The Noise node gives bad debug results when all the components of the vector are longer than 1. The real output is fine, just the debug is bad.
- Chad
The Noise node gives bad debug results when all the components of the vector are longer than 1. The real output is fine, just the debug is bad.
Screenshot? Example? Or at least step by step repro case?
*I created a Teapot and a PRT Volume out of it
*Added a KCM and set it to output to Color the Vector input passing through a DNoise with 3 Octaves and 4.0 Persistence
*Changed the Input vector value between 0,0,0 and 3,3,3 and could not see any bad Debug info.
*Also, in our current inhouse version, we have the ability to draw a graph of the Output node based on changes to one or more inputs. When I graph the Output with Vector Input changing gradually from 0,0,0 to 3,3,3, the results are consistent and there is no visible discrepancy in the graph when the vector goes above 1,1,1. (see image)
Not DNoise, just the 1D Noise. DNoise seems to be fine for me.
Similar KCM to what you have, but with Noise returns 0.0 for vectors > [1,1,1].

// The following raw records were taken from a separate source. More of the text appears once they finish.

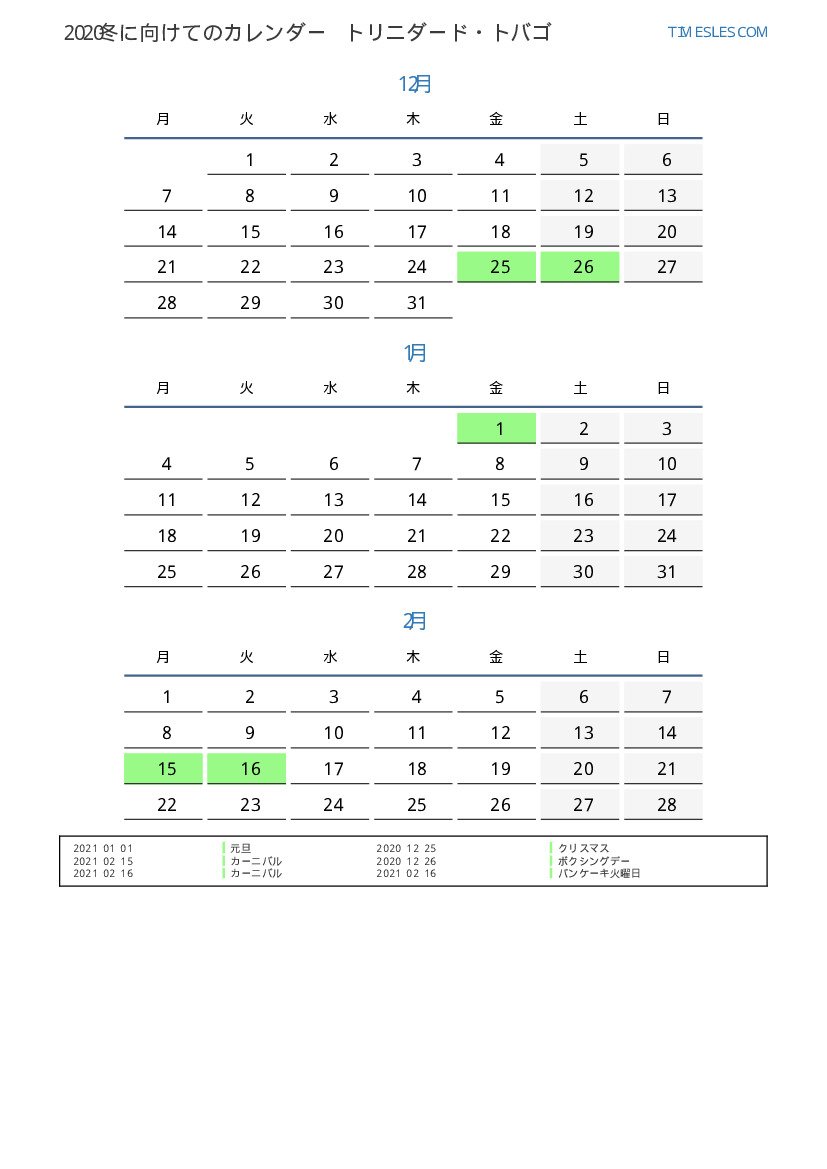トリニダード・トバゴのために2021年冬に向けてのカレンダー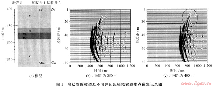 不同井間距接收的井間地震物理模擬實驗記錄分析表明,井間距的大小對所接收的波場有很大的影響。通過多種速度差的模型以及不同井間距的井間物理模擬實驗發(fā)現(xiàn),當(dāng)井間距小于300m時,記錄上未出現(xiàn)較明顯的折射現(xiàn)象,各種干擾波也相對簡單、易辨。模擬結(jié)果說明,設(shè)計井間地震觀測系統(tǒng)時,應(yīng)當(dāng)力求將射線的入射角控制在臨界角以內(nèi)。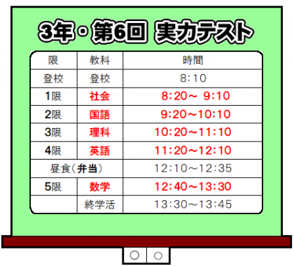 明後日6日(水)は冬休み中ですが、「第6回 実力テスト」です。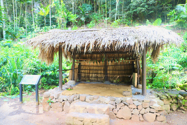 「ネイチャー&ユー ワイメアの滝ハイキングツアー」は、ノースショアのワイメア渓谷をハイキング、そして、ワイメアの滝まで行くツアーです。この美しいワイメア渓谷は、渓谷からノースショアの海に向かって広がっています。園内には、森、庭園、また、園内を流れる小川など、様々な景色を体験できます。全長 1.5 マイル(約 2.4 キロ)の敷地内には、約 52 のテーマ別庭園があり、絶滅の危機に瀕したハワイの植物のコレクションを含む、5000 種類の熱帯、亜熱帯植物が生息しています。その他、木や草、ヤシの繊維などを使って作られた古代ハワイのハレ(家)や遊びを楽しむ場所、歴史を感じる史跡など、昔のハワイを垣間見ることができます。何世代にも渡り、ハワイの聖地とされてきた、豊かな歴史と文化に彩られた場所をガイドが説明しながら進んでいきます。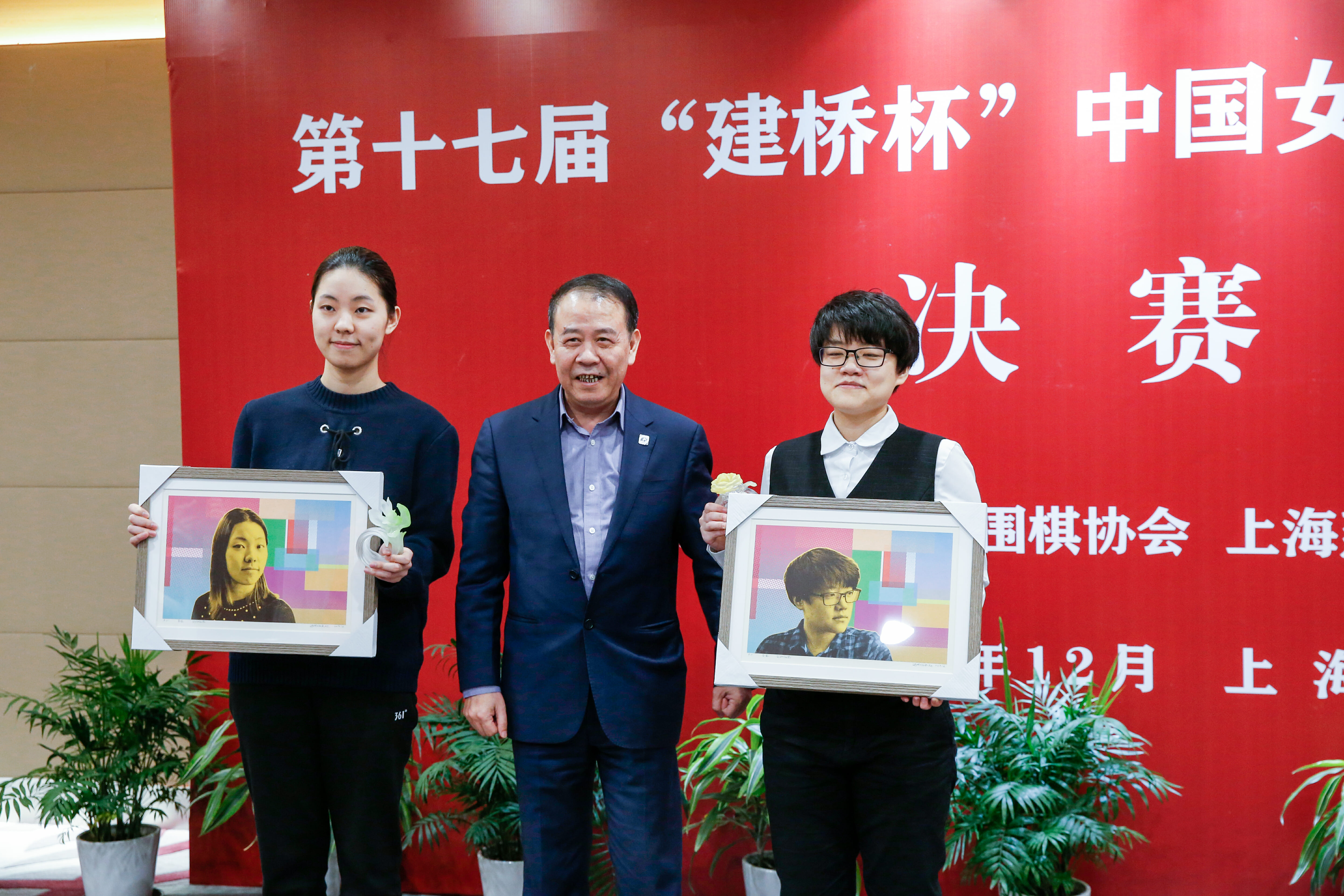 采访结束后,上海建桥集团董事长周星增为王爽和潘阳颁发了两位棋手的版画。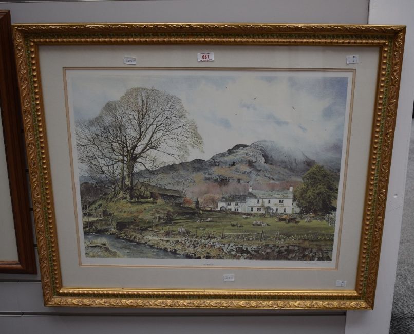 *Local Interest* After Alan Ingham (British 1932 - 2002) lithograph 'Pastorale' a depiction of Low Yewdale farm near Coniston in The Lake District, titled to centre margin with Fine Art Trade Guild blind stamp to lower left, signed in pencil to lower right and numbered (549/850), within stepped card mount and gilt frame, 62cm x 45.5cm & 85cm x 71cm overall.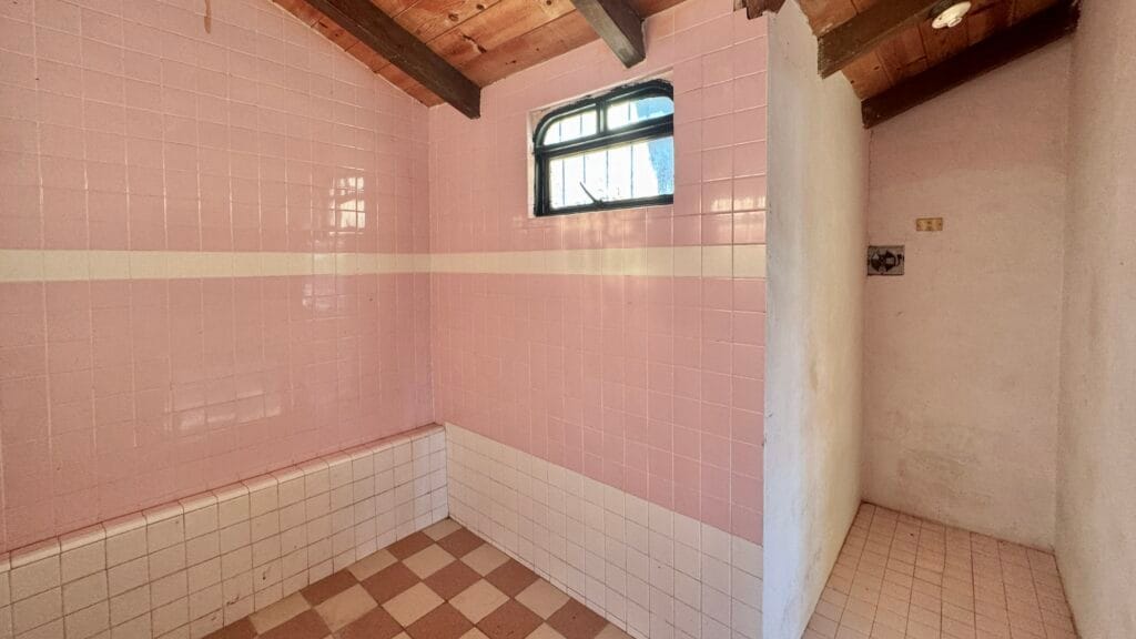 - Another full bathroom, featuring playful pink-and-white vintage tiles that you can either preserve as a statement or update to your taste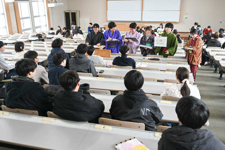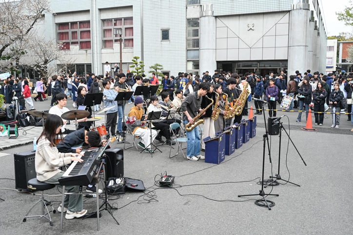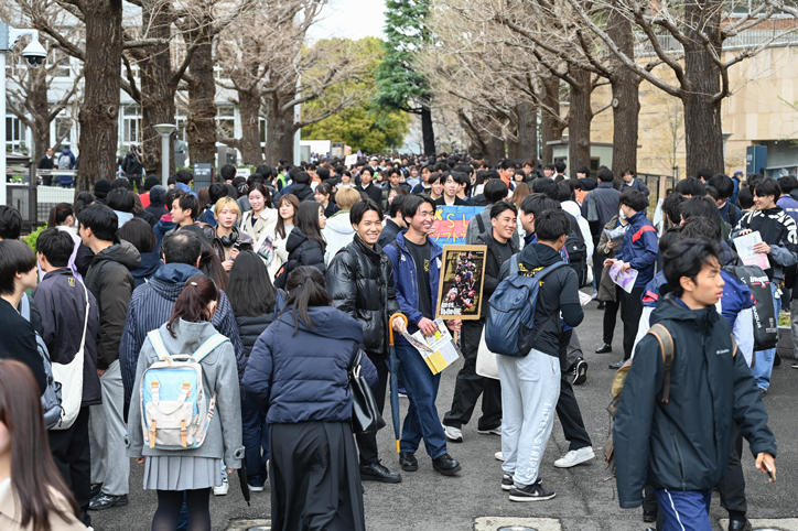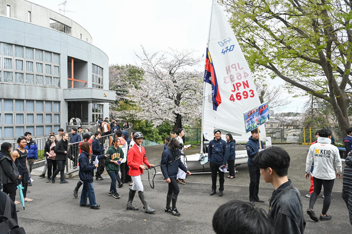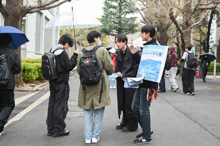 オリエンテーション期間の日吉キャンパスでは、さまざまな学生団体による新入生の勧誘やステージイベントが行われています。あいにくの天気が続いていますが、満開の桜の下、日吉キャンパスは、多くの新入生らで賑わいをみせ、活気に満ちています。(撮影日:2025年4月2日)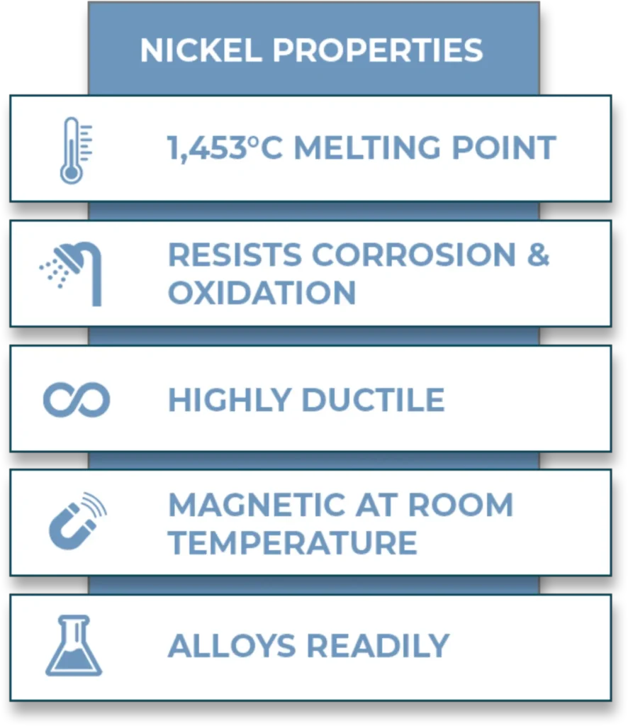 Nickel has outstanding physical and chemical properties, which make it essential in hundreds of thousands of products. Its biggest use is in alloying – particularly with chromium and other metals to produce stainless and heat-resisting steels.[1]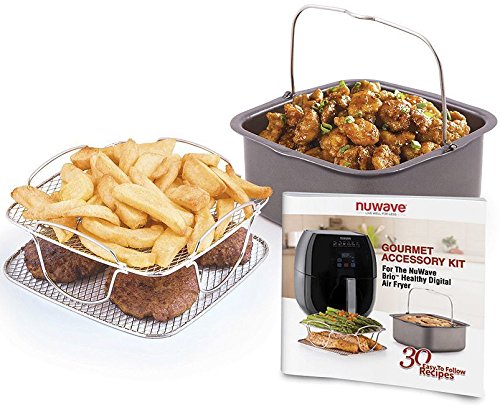Temp range from 100-400 degree in 5-degree increments Digital timer is programmable up to 100 hours 6 presets include: fries, frozen fries, nuggets, steak, poultry and fish Pre-heat button ensures desired results every time Reheat button automatically sets to 360Ë F for 4 minutes Includes 3 wattage control settings: 900w/1500w/1800W Basket divider lets you keep food separated while cookingFeature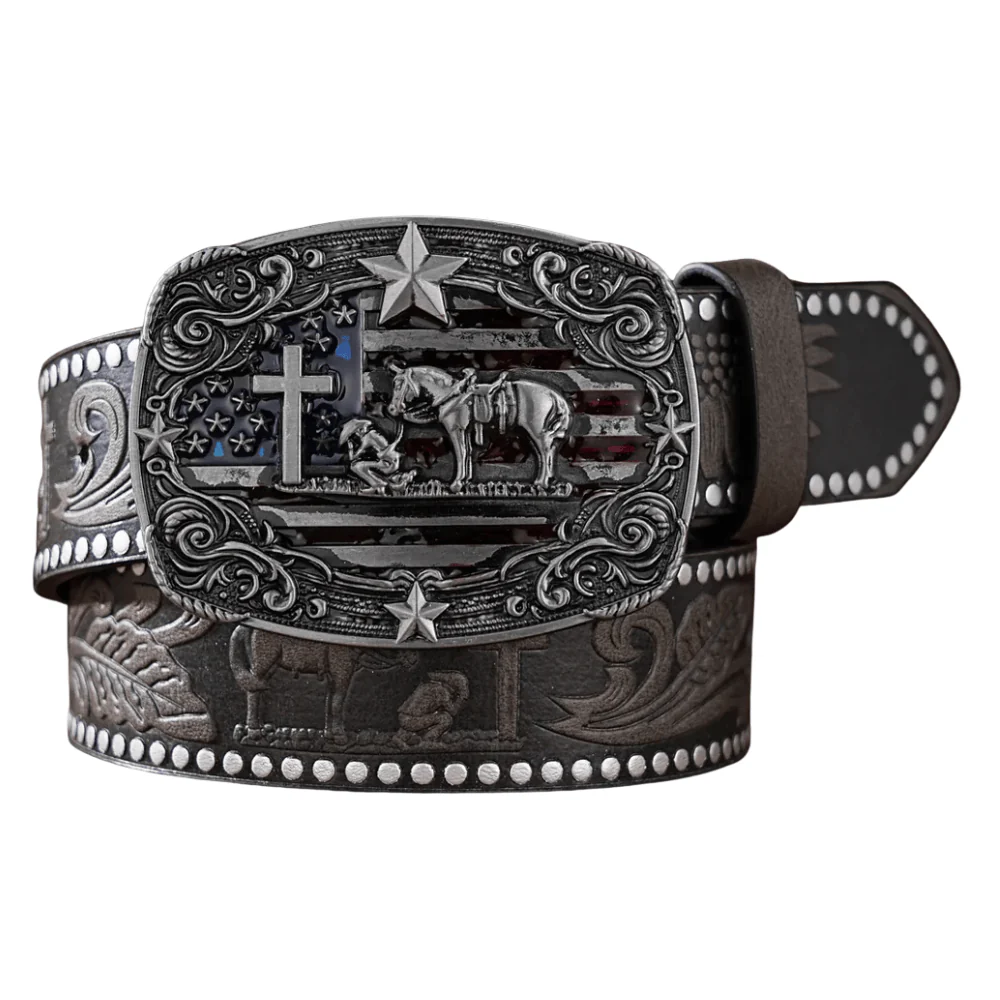 Låt ditt bälte tala för dig. Det här utsökta westernbältet kombinerar klassisk cowboyestetik med en kraftfull symbolik: en detaljerad cowboy prayer mot bakgrund av den amerikanska flaggan. Perfekt när du vill uttrycka både stil och styrka i varje steg du tar.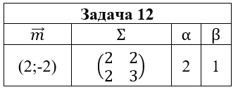 • Задача 12. Случайный вектор (ξ,η) распределен по нормальному закону N(m;Σ). Выписать функцию плотности pξ,η(x,y) и найти: 1) маргинальные плотности pξ(x) и pη(y); 2) условные плотности pξ(x|y) и pη(y|x); 3) коэффициент корреляции ρξ,η; 4) плотность случайной величины ζ=αξ+βη. Построить графики найденных функций и эллипсы рассеяния.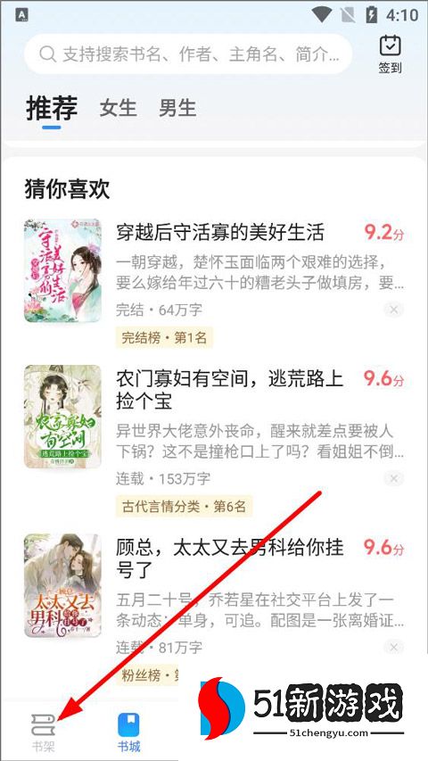 4、搜索小说:在书架页面上查看最近添加的书籍和推荐阅读的书籍,或使用搜索功能查找感兴趣的小说。
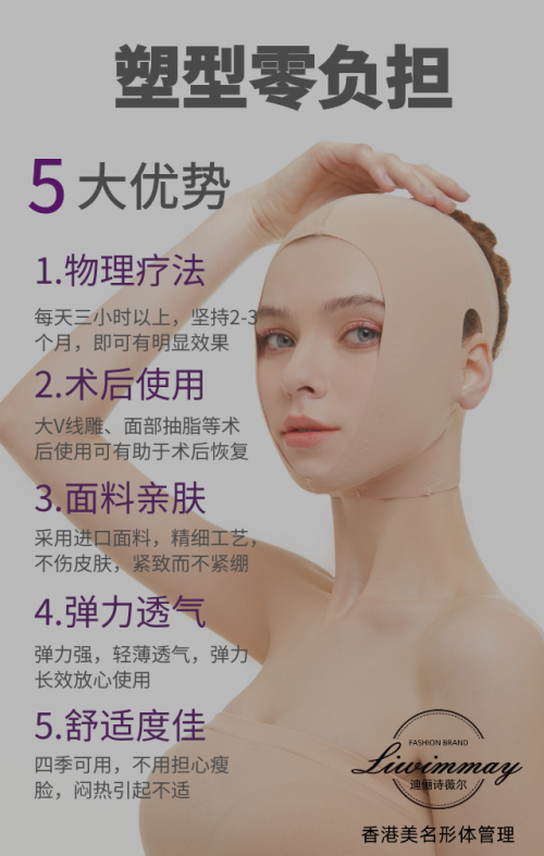 产品功效特点:真人模特一次热压成型,骨骼学,力学同时设计打造。物理全面瘦脸、塑造脸部轮廓、抗衰提升双下巴、预防法令纹、眼袋、脸颊下垂,等等!打造迷人脸蛋,实现逆龄生长!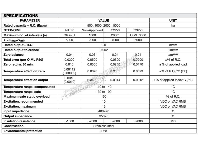 五、美國(guó)特迪亞 620稱(chēng)重傳感器產(chǎn)品技術(shù)參數(shù)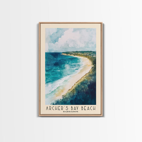 Archer’s Bay Beach, Barbados Panoramic Beach Print, Vacation Gift, Barbados Wall Art, Framed Canvas Print, Framed Beach Painting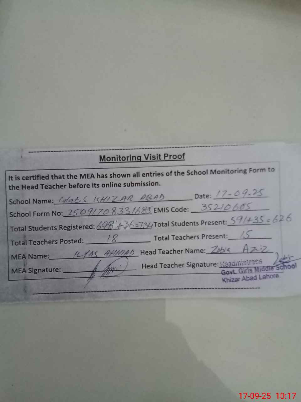 | EMIS Code: 35210605 | Name of School: GGES KHIZAR ABAD | |||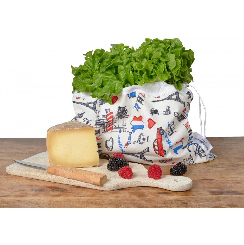 Placer les fromages achetés à la coupe de type Parmesan, Conté, Cantal… et les jambons secs achetés à la coupe de type Bayonne, Coppa, Parme… avec leur papier glacé de la coupe, dans le Sacasalades. Resserrer le lien coulissant et placer le Sacasalades dans le réfrigérateur.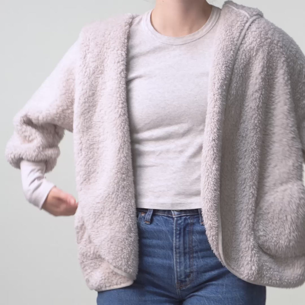 Create your comfort zone anywhere. This super plush faux sherpa cardigan is perfect for lounging at home, beating office AC and cozy travel! Designed for instant comfort with an oversized hood and snuggle-worthy side pockets.

As soon as any of the components falls below 1, then you get a non-zero value.
Hmm, that is strange.
What do you get for [1.1,1.1,1.1] ?
I am getting -5.76983 for both the Noise and the Output it is connected to.
Also, any vector with integer components seems to return 0, so [1,0,0], [1,1,1], [2,2,2], [3,3,3], [2,3,4] etc. all return 0, but it seems to be the nature of the beast.
Oh, I see. Yeah, I was testing really small values, like [1.001, 1, 1], and it was rounding off to 0.0. Ok, just dumb choice of debug numbers.